Jakarta – Bank Indonesia (BI) menyebutkan bahwa hilirisasi yang dimulai sejak tahun 2019 oleh pemerintah telah memberikan dampak positif terhadap ekspor di Indonesia.
Deputi Gubernur BI Dody Budi Waluyo mengatakan, hilirisasi pengolahan komoditas sumber daya alam (SDA) ke berbagai industri turunannya meningkatkan kapasitas penawaran ekonomi, melalui kenaikan modal serta mendorong dari sisi permintaan dengan kenaikan nilai tambah ekspor.
“Ternyata hilirisasi kalau kita buka sejak 2019 – 2030 pertumbuhan rata-rata kurang lebih selama lima tahun terkahir itu tumbuhnya sekitar 100% – 200%, dua kali lipat dari hilirisasi yang sudah berjalan. Investasi juga meningkat sangat besar sekali, apalagi kalau kita melihat kapasitas smelter kita yang juga semakin bertambah,” ujar Dody, Senin, 30 januari 2023.
Namun, menurutnya, eksploitasi komoditas mineral dihadapkan oleh tantangan cadangan mineral yang mulai turun dan semakin terbatas. Antara lain, ketahanan cadangan nikel di tahun 2021 sebesar 45,45% lalu akan menurun di 2030 menjadi 10,56%.

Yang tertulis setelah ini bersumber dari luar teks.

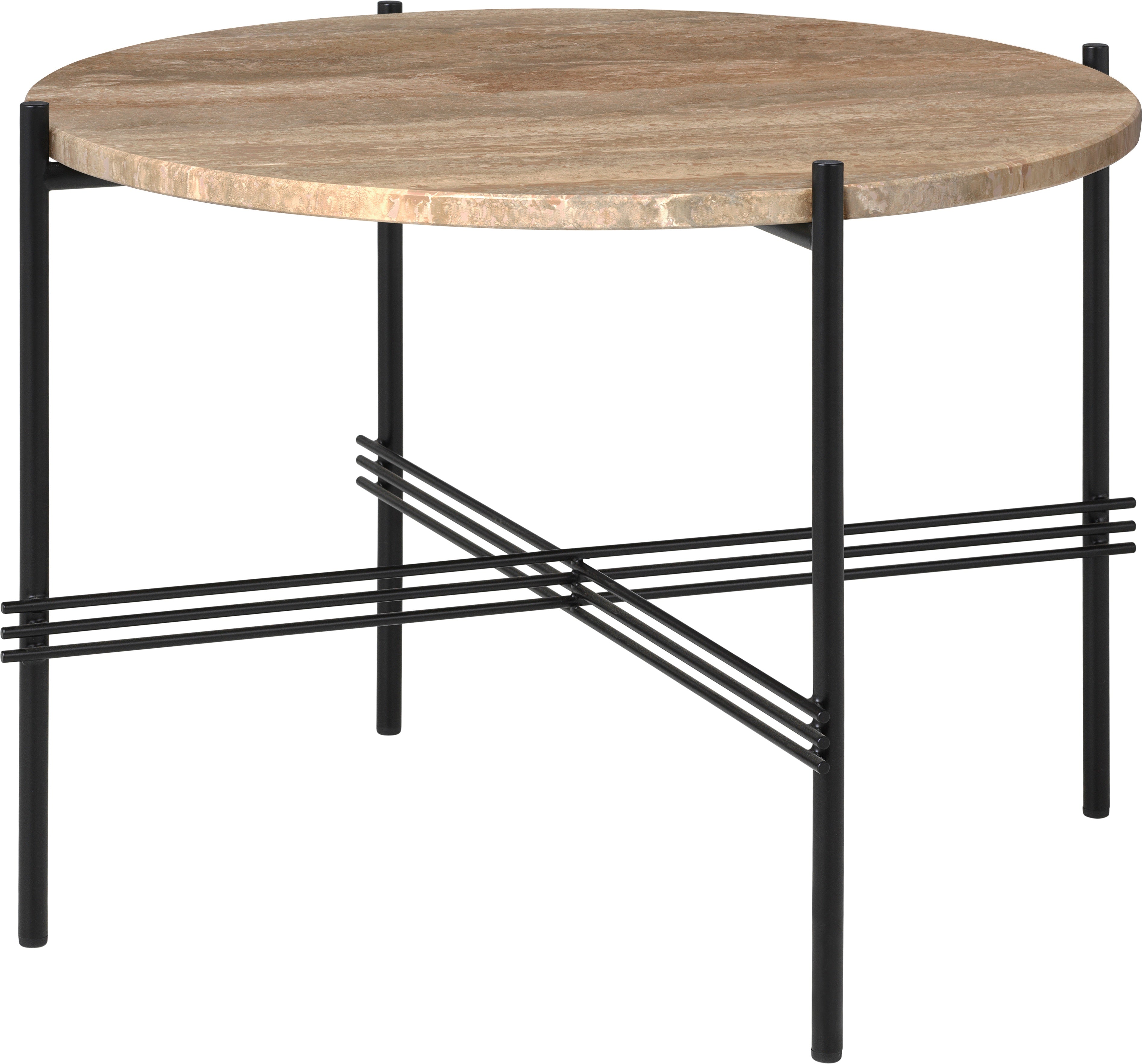 Round coffee table TS sandy travertine with black base

Kemudian, bauksit di tahun 2021 sebesar 3200% lalu akan menurun di 2030 menjadi 2926%. Batu bara tahun 2021 sebesar 38,21% menurun di 2030 menjadi 32,35% dan timah di tahun 2021 sebesar 2,23% menurun di 2030 menjadi 1,46%.
“Ini permasalahan WTO, sebenarnya banyak negara melakukan ini, tapi kenapa Indonesia? That’s the point,” kata Dody.
Untuk itu, akselerasi hilirisasi SDA dan industri turunannya perlu terus diperkuat untuk mendorong kapasitas output potensial dan pertumbuhan ekonomi yang tinggi sehingga memperkuat ketahanan eksternal.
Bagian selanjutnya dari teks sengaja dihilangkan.